Exactly the lines below, starting with the one containing "Não disse que" and going on through the one containing "Quyết định số", must be reproduced, both ends included, and no pictures with them.

___ DATASET ENTRIES

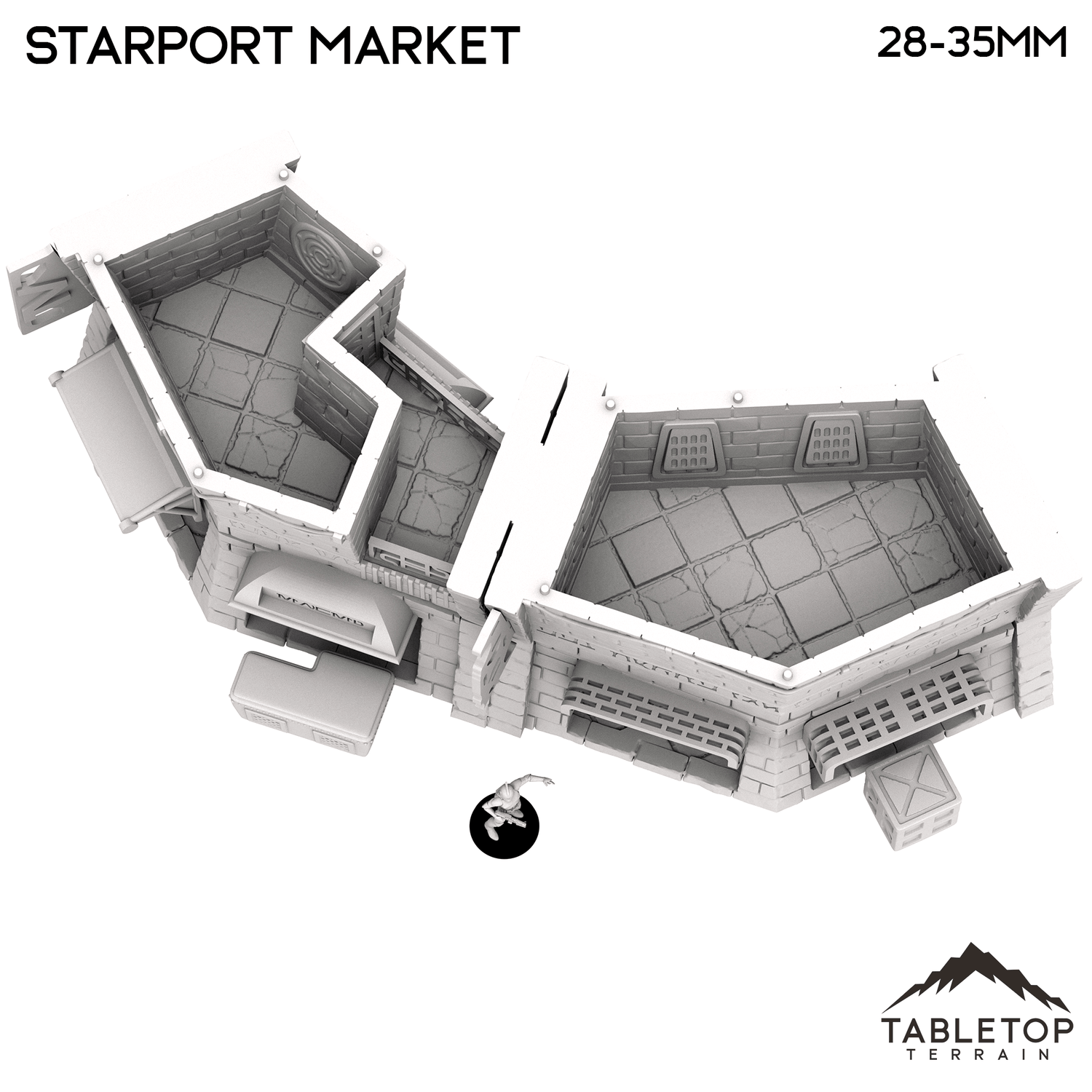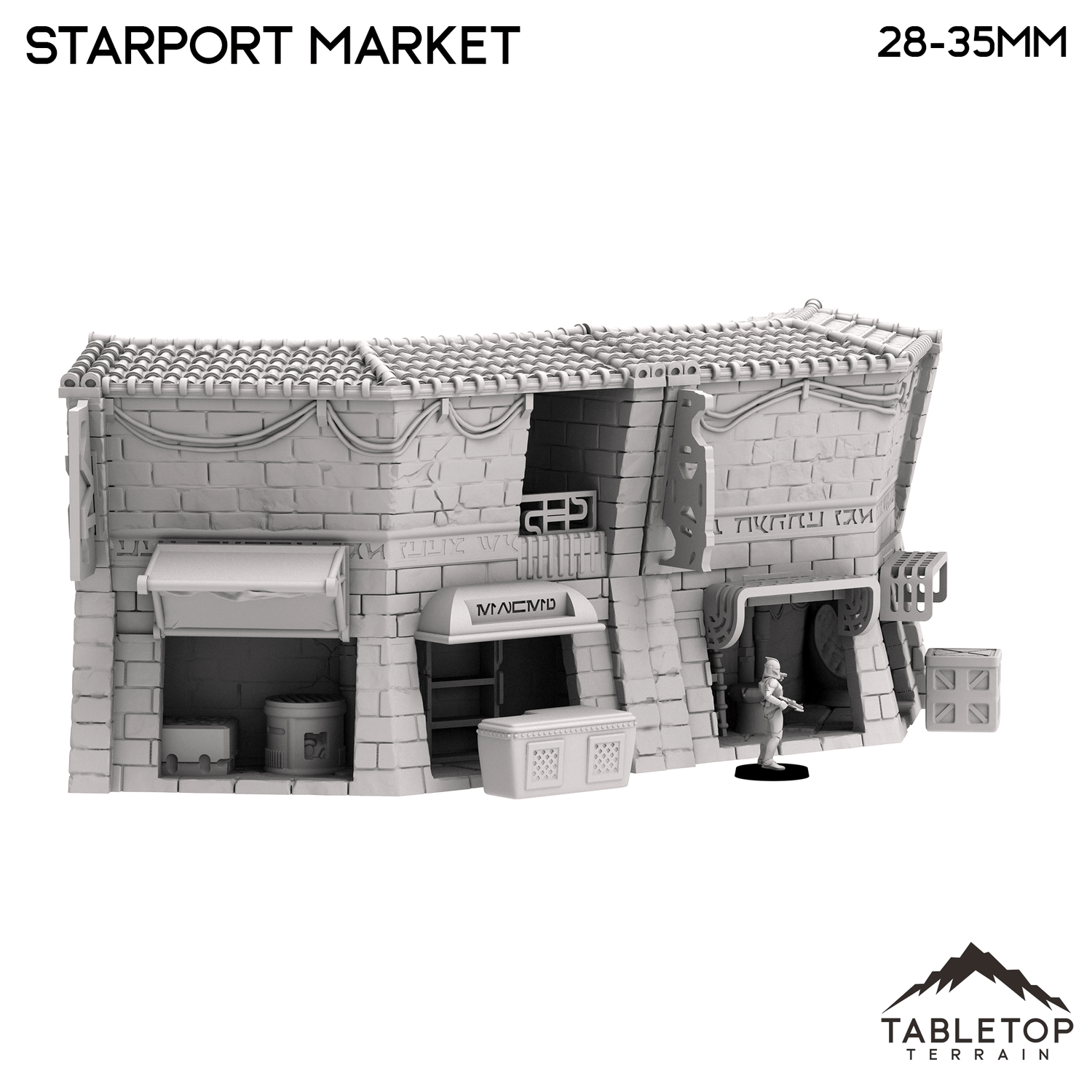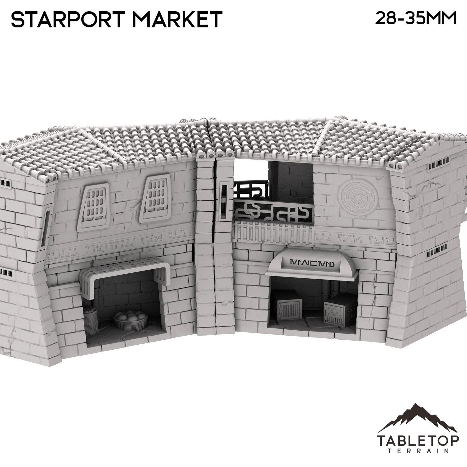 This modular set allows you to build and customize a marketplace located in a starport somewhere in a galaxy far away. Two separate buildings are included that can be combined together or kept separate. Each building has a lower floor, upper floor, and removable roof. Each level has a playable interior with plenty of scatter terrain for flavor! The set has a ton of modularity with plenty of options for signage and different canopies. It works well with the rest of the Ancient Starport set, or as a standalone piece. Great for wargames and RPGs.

______
___ DATASET ENTRIES

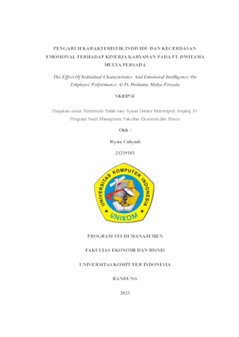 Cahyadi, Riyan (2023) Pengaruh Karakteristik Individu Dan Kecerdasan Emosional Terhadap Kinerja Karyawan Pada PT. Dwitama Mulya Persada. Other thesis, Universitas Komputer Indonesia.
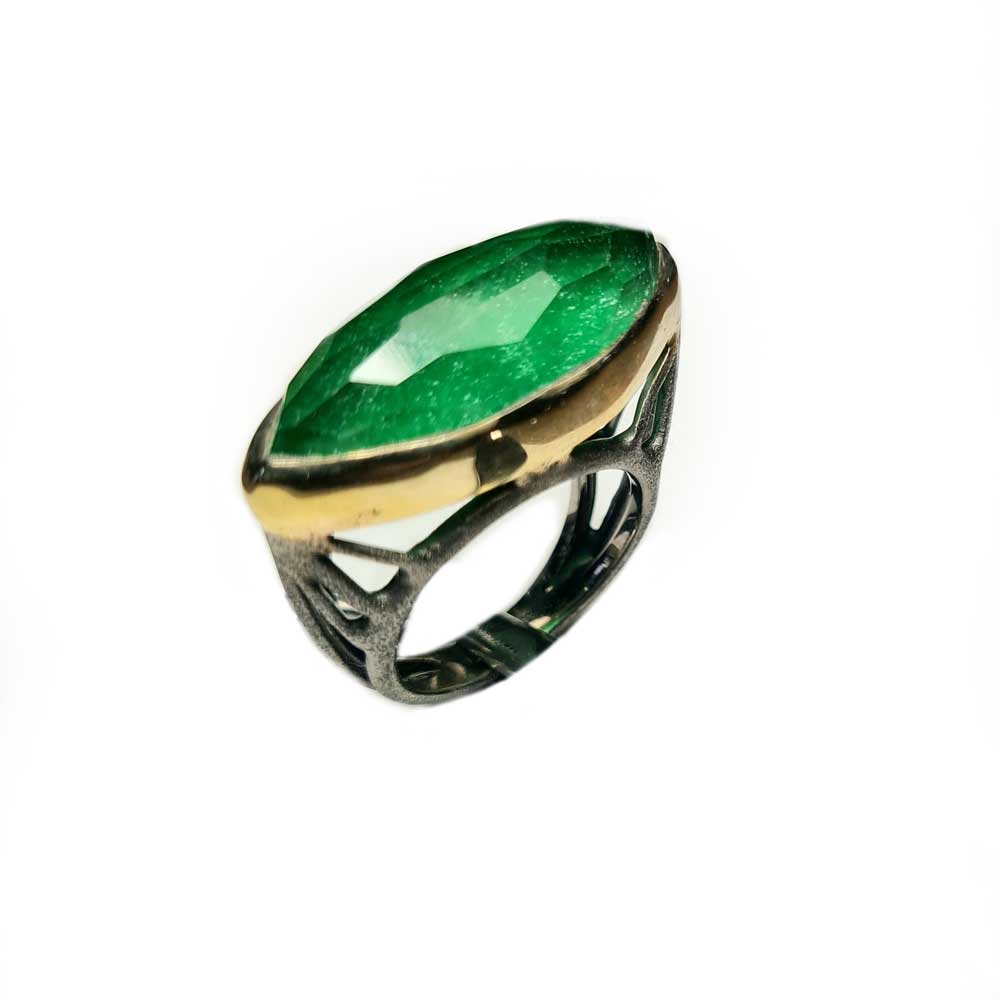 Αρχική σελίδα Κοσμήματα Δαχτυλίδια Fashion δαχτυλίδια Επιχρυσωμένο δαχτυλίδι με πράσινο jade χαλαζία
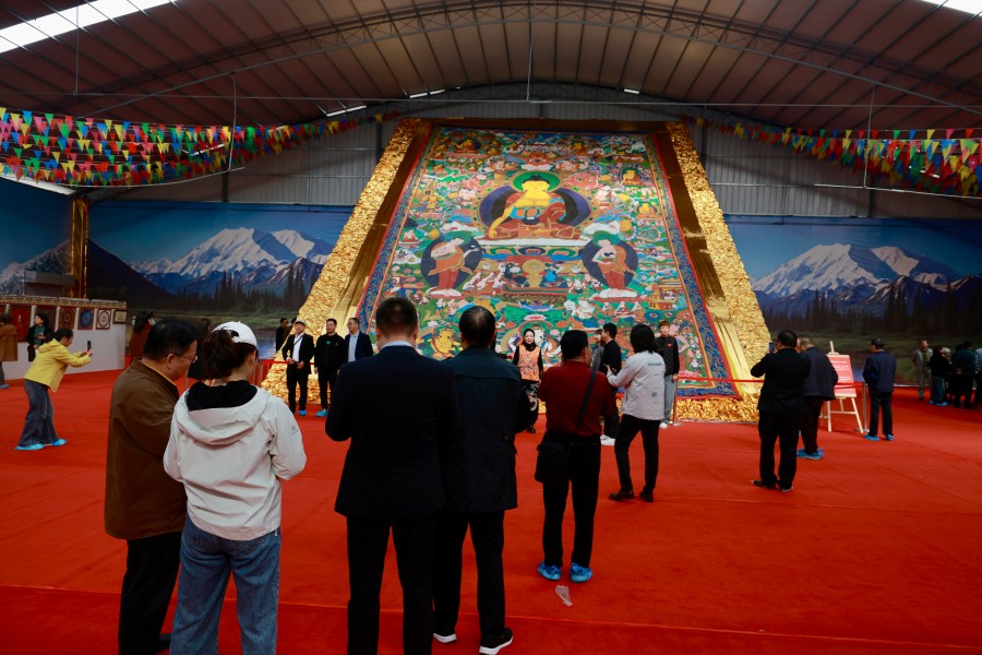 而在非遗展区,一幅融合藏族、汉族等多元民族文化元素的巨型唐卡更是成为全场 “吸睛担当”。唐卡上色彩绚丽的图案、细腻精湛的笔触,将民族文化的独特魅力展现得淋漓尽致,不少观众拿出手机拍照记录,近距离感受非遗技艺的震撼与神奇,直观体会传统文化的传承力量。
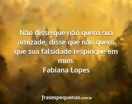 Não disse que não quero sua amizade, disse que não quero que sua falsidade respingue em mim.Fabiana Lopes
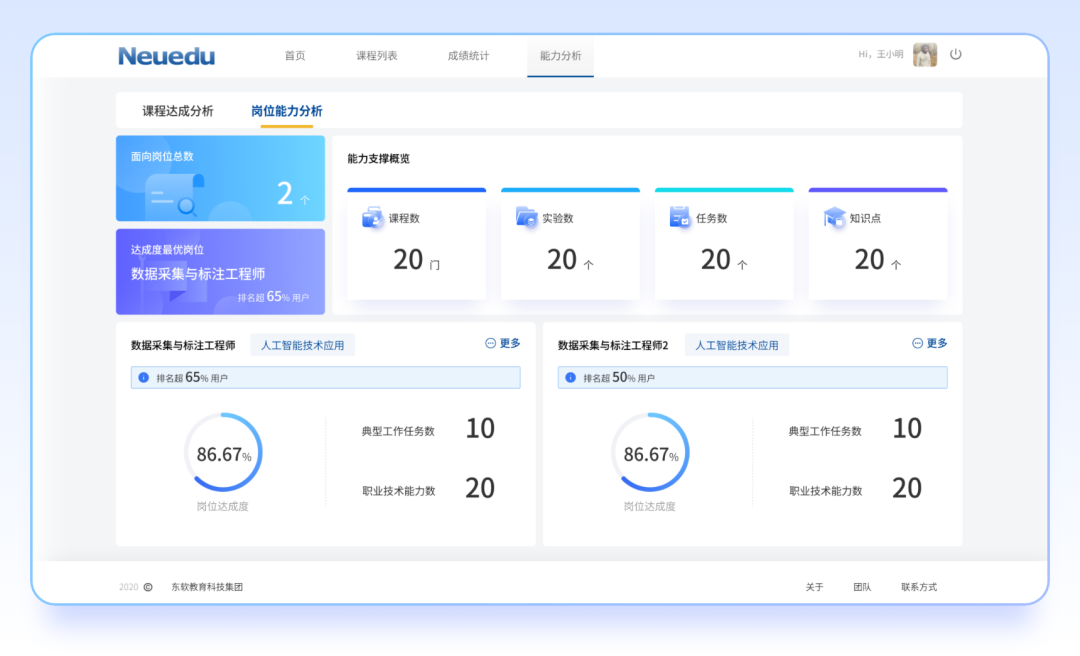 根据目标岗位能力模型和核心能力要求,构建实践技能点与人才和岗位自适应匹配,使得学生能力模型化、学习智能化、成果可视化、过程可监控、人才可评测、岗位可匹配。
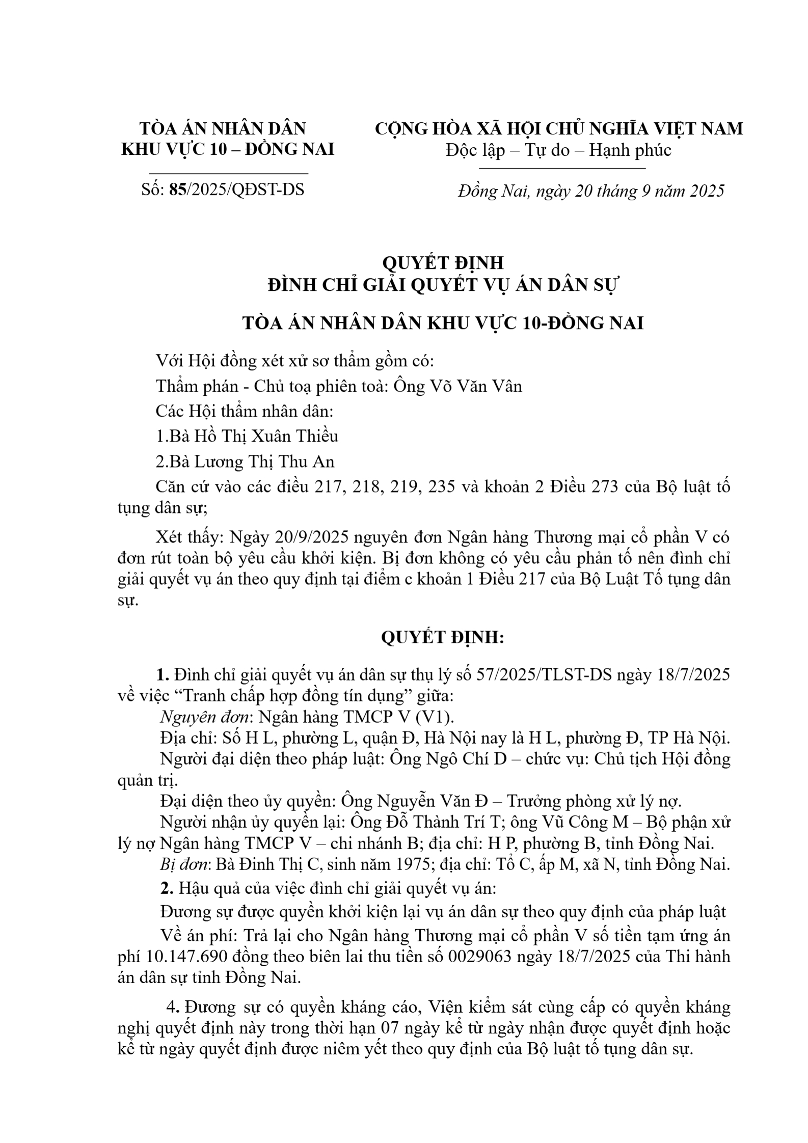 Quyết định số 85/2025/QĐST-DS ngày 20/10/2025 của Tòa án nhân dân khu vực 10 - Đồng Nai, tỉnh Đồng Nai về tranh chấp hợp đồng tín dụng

______

RESPONSE TO THE EXERCISE.
 Não disse que não quero sua amizade, disse que não quero que sua falsidade respingue em mim.Fabiana Lopes
 根据目标岗位能力模型和核心能力要求,构建实践技能点与人才和岗位自适应匹配,使得学生能力模型化、学习智能化、成果可视化、过程可监控、人才可评测、岗位可匹配。
 Quyết định số 85/2025/QĐST-DS ngày 20/10/2025 của Tòa án nhân dân khu vực 10 - Đồng Nai, tỉnh Đồng Nai về tranh chấp hợp đồng tín dụng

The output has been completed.